Member of the Minnesota House of Representatives from the 25B district
- Incumbent
- Assumed office January 3, 2023
- Preceded by: Liz Boldon

Personal details
- Born: May 24, 1991 (age 35)
- Party: Democratic (DFL)
- Spouse: Anna
- Education: Moody Bible Institute (BA) Westminster Seminary California (MDiv)
- Occupation: Business owner; Legislator;
- Website: Government website Campaign website

= Andy Smith (Minnesota politician) =

American politician (born 1991)

Andrew Smith (born May 24, 1991) is an American politician serving in the Minnesota House of Representatives since 2023. A member of the Minnesota Democratic-Farmer-Labor Party (DFL), Smith represents District 25B in southeastern Minnesota, which includes downtown Rochester in Olmsted County.
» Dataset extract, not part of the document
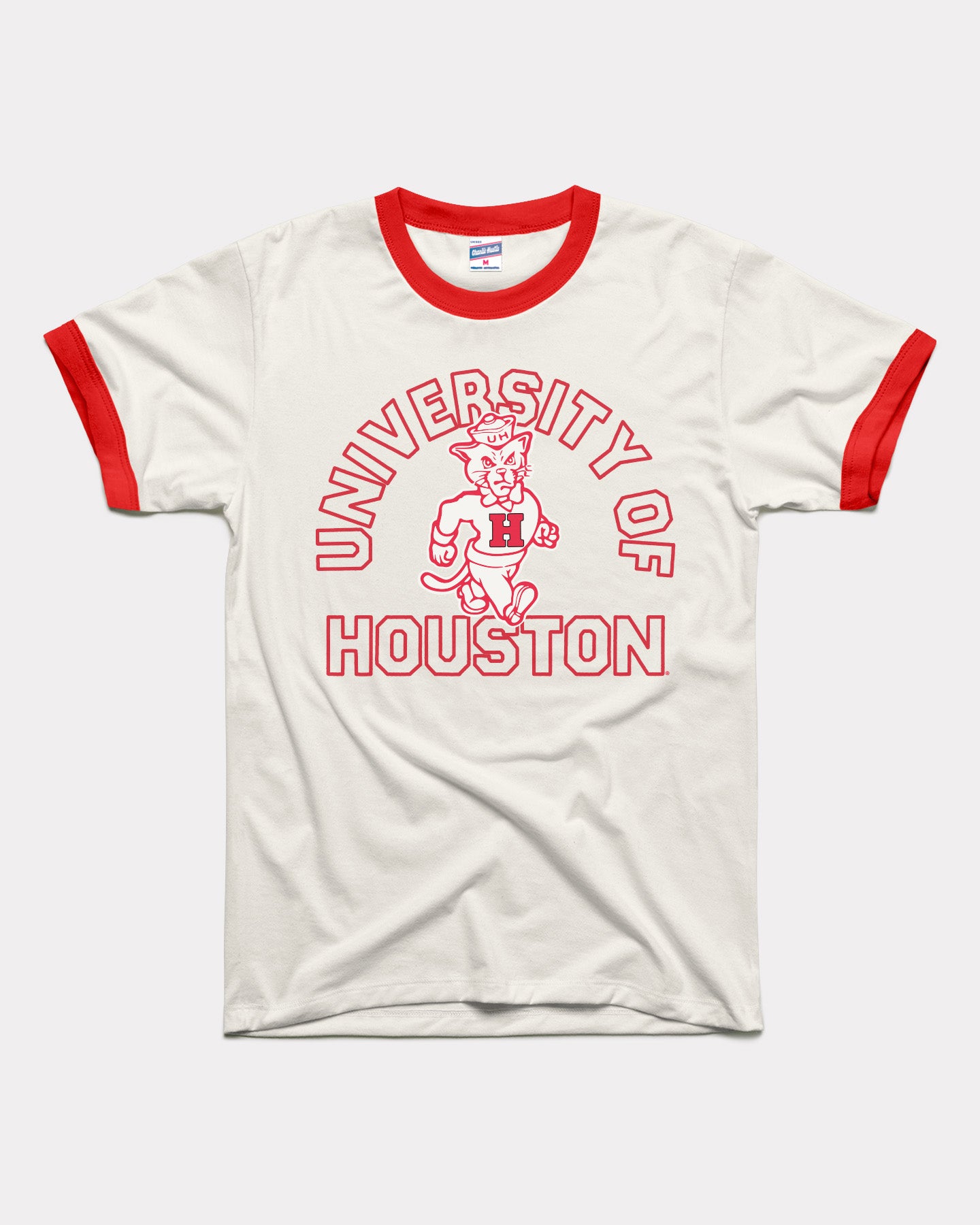 Classic collegiate style meets Houston hoops tradition in this University of Houston Basketball Ringer T-Shirt. Featuring bold arched University of Houston lettering and a vintage Cougar basketball mascot graphic, this design delivers timeless throwback energy for true Coogs fans. The contrasting red ringer collar and sleeve trim add an authentic retro finish that stands out on game day and beyond.

== Early life, education and career ==
Smith attended Moody Bible Institute in Chicago, Illinois, earning a bachelor's degree in theology. He then attended Westminster Seminary California for his Master of divinity.

In 2019, Smith opened Gray Duck Theater in Rochester, a microcinema that showed independent and retro films. The theater permanently closed in February 2023 due to challenges arising from the COVID-19 pandemic, with Smith filing for bankruptcy in April 2023. His wife is the majority owner of Garden Party Books in Rochester.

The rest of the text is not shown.